As the frequency of cybercrime has increased, there has been a corresponding increase in the demand for information security. Most businesses have a wealth of information within their networks that they need to protect from competitors or cyber criminals. Whether you’re setting up a small/home office on your own, or thinking about best practices to harden a network that is already established, the basic ideas described below can help ensure that your data and equipment stay reliable and accessible to your organization (and only your organization).
Securing the Network Itself
Your first steps in designing your network from a security standpoint (or planning changes) should be to look at the basic physical/logical configuration. If you are using a wireless network, make sure it is using some form of encryption to prevent unauthorized users from being able to read the traffic on your network. The currently accepted best option is Wi-Fi Protected Access 2 (WPA2) as opposed to the more easily cracked “Wired Equivalent Privacy” standard, or WEP. Small businesses can use WPA2 Personal (despite its name) to secure their wireless networks. Larger organizations with resources to set up a separate authentication server can receive additional security benefits with WPA2 Enterprise. Wireless access points can also be configured to not broadcast SSID’s (the names of their networks), so that anyone attempting to connect would need to know the name of the network ahead of time.
Your devices’ Media Access Control, or MAC, addresses are unique; they are “burned in” to the network cards, meaning they do not change (like your IP address) when connected to different networks. These serve as unique identifiers for your devices, and many switches and routers have the ability to direct traffic based on them. For example, if a retail store needed a visible, WPA2-secured, wireless network for its point-of-sale terminals, but didn’t want any other devices using that network, it could configure its wireless routers to only allow the point-of-sale terminals to connect.
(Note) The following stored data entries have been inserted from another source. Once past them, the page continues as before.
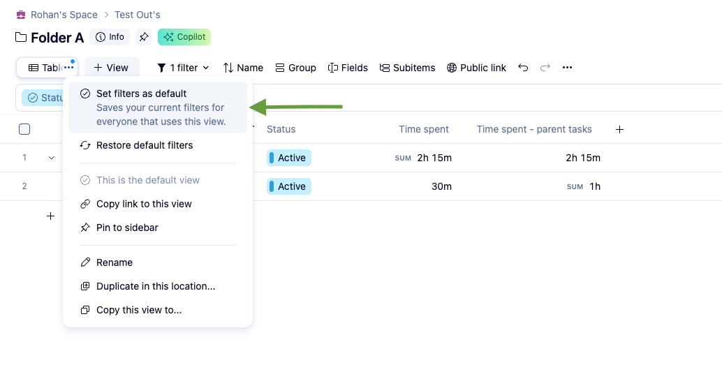 Jessica Doyle this can be done, but it might be reliant on your subscription level. When you set a filter on a view, a little blue dot should appear in the view tab. You can click on it and set it to be the default view. I think this need to be done by the person that created the item you are viewing(Project, Folder, etc.), but I am not sure on that. Additionally, if you don't want other users to change this, you need to change the Access Role settings. In the accoount management settings, under Access Roles there are option to allow or block users from changing views, either default and or custom.
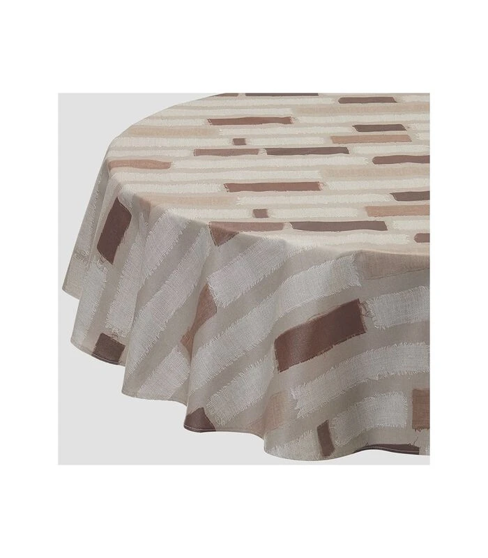 Rond Of Ovaal Gecoat Tafelkleed Stripe Patch Taupe
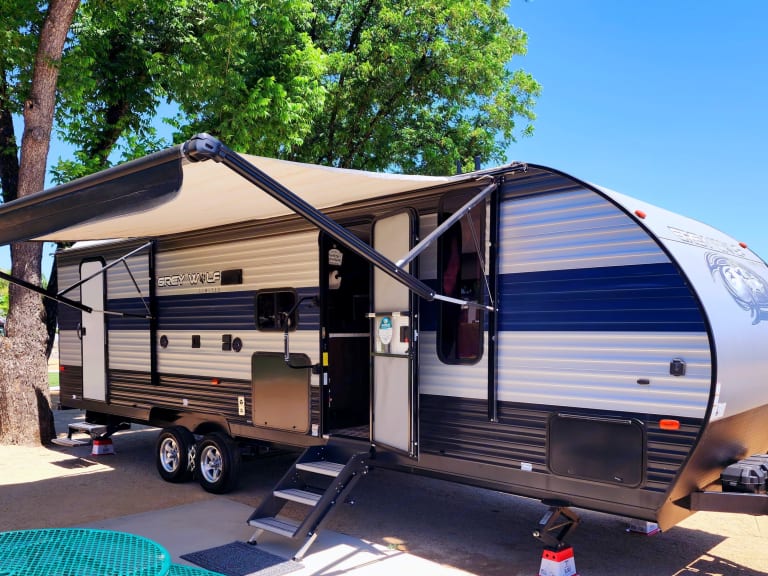 2021 Forest River Grey Wolf travel trailer. Home away from home equipped with everything you need for your camping experience. Inside features include 3 burner stove with hood vent and light, oven, large sink, refrigerator and large pantry. Bathroom has shower/tub, sink and toilet. Seperate private bedroom has a super comfortable queen bed with upgraded foam mattress and pillows. Bedroom also features a 32" TV. Living area couch pulls out into a bed. Dinette also coverts to a bed. Trailer also features 2 double bunks. Central AC and heater easy to control on thermostat.What's includedFresh linens

An employee workstation would not be able to join the network, even if the employee knew the password. On a wired network, a business-grade switch can shut down the ports if unauthorized MAC addresses attempt to connect to them.
If your network will be comprised of more than just a few devices, take some time to consider how your devices will interact and who will be using them. You may wish to create separate networks or subnets to keep similar devices grouped together, i.e., workstations on one, internal file servers on another, web server on another, etc. Routers can then direct the flow of traffic between networks as you see fit. With this strategy, a healthcare provider could keep patient information stored on a separate network from the web server, for example, and the router’s access lists can be configured to discard all external traffic to that network.
Some business-grade routers and switches have firewalls built in, which can prevent unwanted or malicious traffic from entering your network at all. For larger networks, these can also be purchased as standalone pieces of hardware, placed between your ISP connection and the rest of your network.
Securing the Computers on the Network (and the Data on those Computers)
Your network is made of more than just wires, radio waves, and switching equipment – it’s also the workstations, servers, and mobile devices connected to it. As such, when talking about securing your network, you also need to think about how to secure the devices connected to it. Antivirus, malware, and additional security monitoring software should be used on any business system. If you are a Windows user, you are probably well aware of this by now.
Mac users: please note that you, too, can benefit from using such utilities. Despite the generally lower number of virus/malware threats for your platform, they do exist. Also, even if your Mac is not affected by malicious code in an email you received and forwarded out, Windows users might be, and running antivirus on your Mac will add an extra layer of protection for other computers in your organization. Furthermore, most anti-virus software suites these days include firewall and active network threat protection as well, to supplement the firewalls included in your computers’ operating systems.
If your workflow involves sharing files between multiple computers (and, these days, whose doesn’t?), the file permissions on your network shares should be as strict as possible. This means assigning full read/write access only to users who really need it, and either Read-Only or No Access to everyone else. While this can take a while to administer when you have new employees or people moving into different positions, it is worth your while to do this instead of just leaving the door open, so to speak. Even your favorite person in the company could accidentally ruin your day (or week, or month) if they end up in one of your servers’ system folders.
I would be remiss to leave out the usual housekeeping tips: Set your displays to go to the screensaver and lock after a short period of sitting idle. Use long and complex passwords and change them regularly. Yes, they are annoying to type and hard to remember, but they are much harder for any intruder to guess or crack. If your network is on the larger side or if you need to manage a complex system of access roles and settings, consider a directory service like Active Directory, Open Directory, Samba, or one of many alternatives.
If you’re new to working with the various factors that make for a secure network, this can all seem very daunting. There are many resources available online, books available in print and electronically (which are particularly nice for being searchable in a pinch), and classes offered by software and equipment vendors through local schools. With network security being a current hot topic, you might also be able to find a seminar (maybe even a free one!) in your area. Keep in mind, many of these options are available online. There are also networks of consultants available to help you plan for a new setup or enhance an existing one. You’re not without help. So, go forth and secure your network! You’ll thank yourself in the long run, and your users will thank you too.